Ecrit par un Andrew Kevin Walker dépressif dernier stade vivant dans un trou à rat new-yorkais et bossant comme caissier pour survivre, Se7en est un scénario classique de buddy movie policier mettant ici en scène un jeune chien fougueux (David Mills / Brad Pitt) et un vieux sage (William Sommerset / Morgan Freeman) face à un serial killer rédempteur-prêcheur. Ce scripte atterrit un beau jour entre les mains de David Fincher, alors jeune réalisateur totalement meurtri et écœuré après le tournage de son premier long-métrage, Alien3 (coupes imposées par la Fox, budget insuffisant l'empêchant de donner à son film l'ampleur finale qu'il désirait, etc.). Bref, Fincher est à cette époque dégoûté du cinéma et surtout des hommes.

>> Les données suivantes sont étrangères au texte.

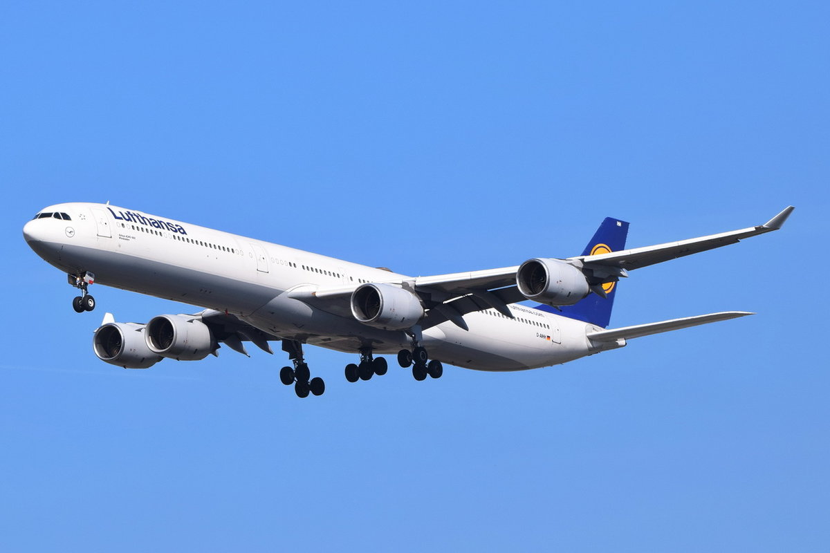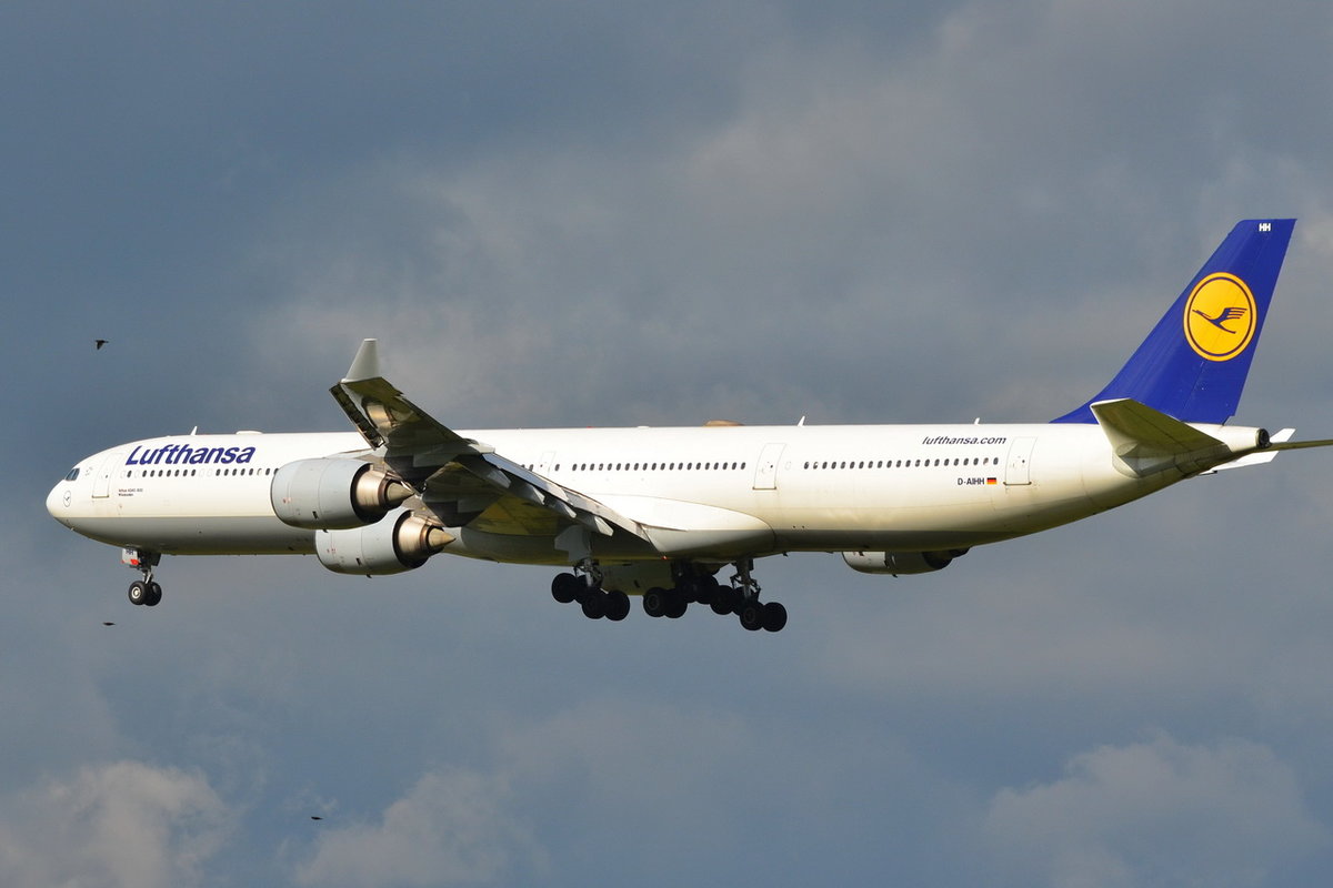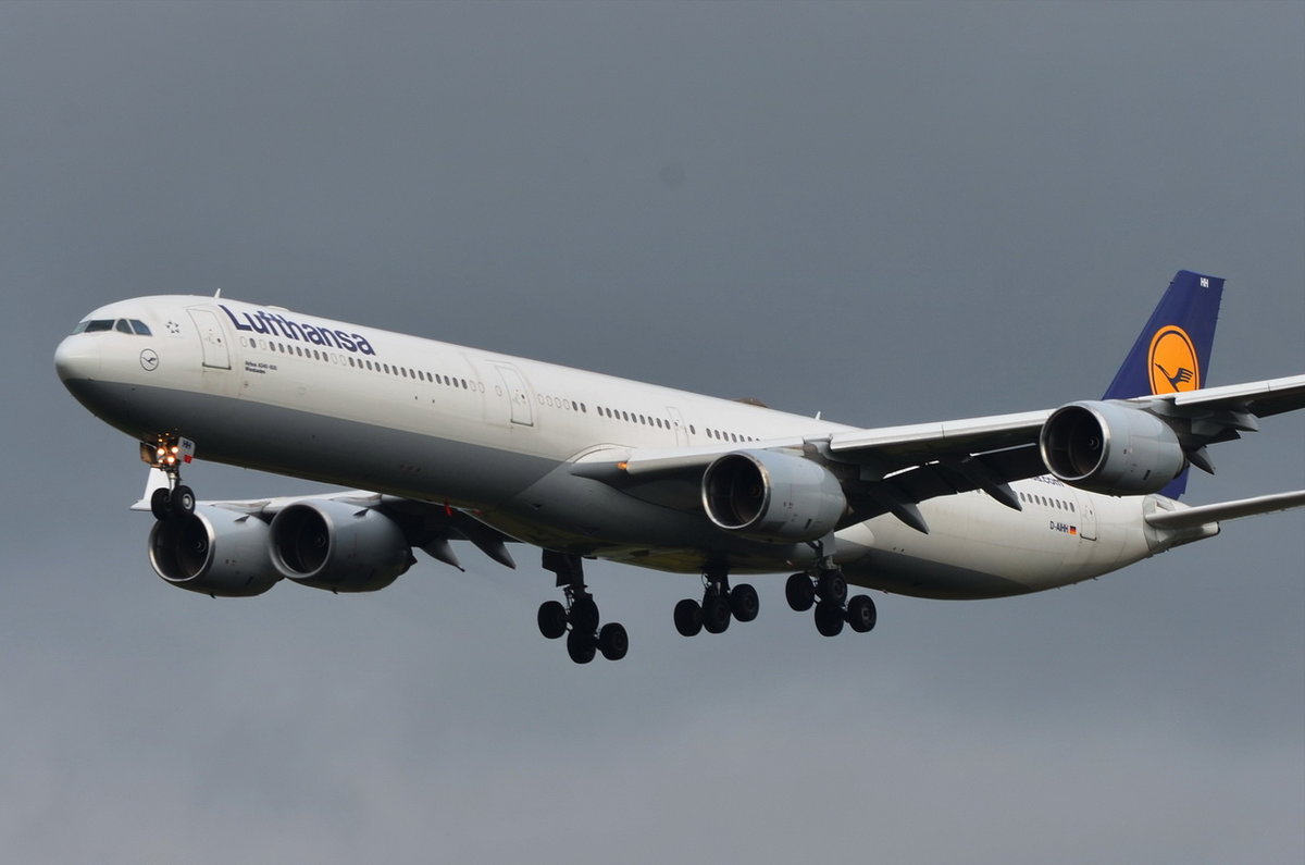 D-AIHH Lufthansa Airbus A340-642  Wiesbaden  in München beim Landeanflug am 19.05.2016

Tandis que tout le buzz du scripte de Walker se crée autour de la structure audacieuse de son whodunit, Fincher y voit lui le moyen rêvé d'exorciser ses névroses et son mal-être, et souhaite réaliser le film le plus noir, le plus glauque, le plus malsain et misanthrope possible. Toutes ses obsessions devront imprégner le métrage de la première à la dernière image : un univers urbain déliquescent, détrempé, pourrissant et indéfinissable (le film fût tourné dans plusieurs villes différentes et aucun nom n'apparaît à l'écran afin d'empêcher son identification ; procédé repris récemment par Gilles Béat avec Diamant 13) dans lequel évoluent des personnages égoïstes tenus de s'adapter à l'enfer de la ville moderne pour survivre (magnifique scène du restaurant où Sommerset dévoile son passé à la fiancée de son collègue, révélant ainsi l'inéluctable évolution de quiconque vieillit en plein Pandémonium urbain). Le thème du suicide, omniprésent dans la filmo de Fincher, est également abordé lors de la scène finale : David Mills se fait justice lui-même, enfreint un péché capital (la colère) tout en mettant en un terme à sa vie actuelle.

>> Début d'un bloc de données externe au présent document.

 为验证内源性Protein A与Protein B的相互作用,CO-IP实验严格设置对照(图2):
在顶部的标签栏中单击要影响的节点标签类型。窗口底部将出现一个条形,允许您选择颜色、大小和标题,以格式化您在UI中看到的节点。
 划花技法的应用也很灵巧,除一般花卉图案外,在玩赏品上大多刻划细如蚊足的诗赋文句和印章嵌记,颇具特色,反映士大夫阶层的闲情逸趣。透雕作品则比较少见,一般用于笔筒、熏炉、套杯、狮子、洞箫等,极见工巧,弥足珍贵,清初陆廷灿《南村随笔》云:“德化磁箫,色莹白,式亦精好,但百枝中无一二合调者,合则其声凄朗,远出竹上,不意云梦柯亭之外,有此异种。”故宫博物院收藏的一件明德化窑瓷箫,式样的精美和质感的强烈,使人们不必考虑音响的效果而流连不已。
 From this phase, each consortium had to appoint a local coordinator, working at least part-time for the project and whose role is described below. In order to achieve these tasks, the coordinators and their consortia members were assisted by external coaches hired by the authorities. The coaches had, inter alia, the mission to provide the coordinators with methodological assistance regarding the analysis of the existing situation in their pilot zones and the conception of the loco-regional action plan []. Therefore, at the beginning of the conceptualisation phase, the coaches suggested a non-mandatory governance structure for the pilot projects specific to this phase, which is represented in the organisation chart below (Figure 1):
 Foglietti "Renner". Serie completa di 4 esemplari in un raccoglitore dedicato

Contrairement aux règles convenues, Fincher ne joue pas sur l'empathie que peut ressentir le spectateur envers les victimes du tueur. Il fait de ces dernières des êtres répugnants, que ce soit physiquement ou moralement, représentants des déviances de la société (un obèse téléphage, un avocat véreux, une prostituée, un mannequin superficielle, un dealer pédophile...). Les seuls référents du public se trouvent être les deux flics à la poursuite du tueur. Deux hommes très différents : l'un est jeune et optimiste, l'autre à la veille de la retraite et sans aucun espoir quant à l'avenir de l'homme (cf. la scène dans le bar entre les deux héros, qui fait écho à celle du resto avec la jeune femme). Et Fincher, histoire de bien assombrir le tableau, de faire de son personnage un tant soit peu positif (Mills) un homme explosif, faillible, inculte et impatient.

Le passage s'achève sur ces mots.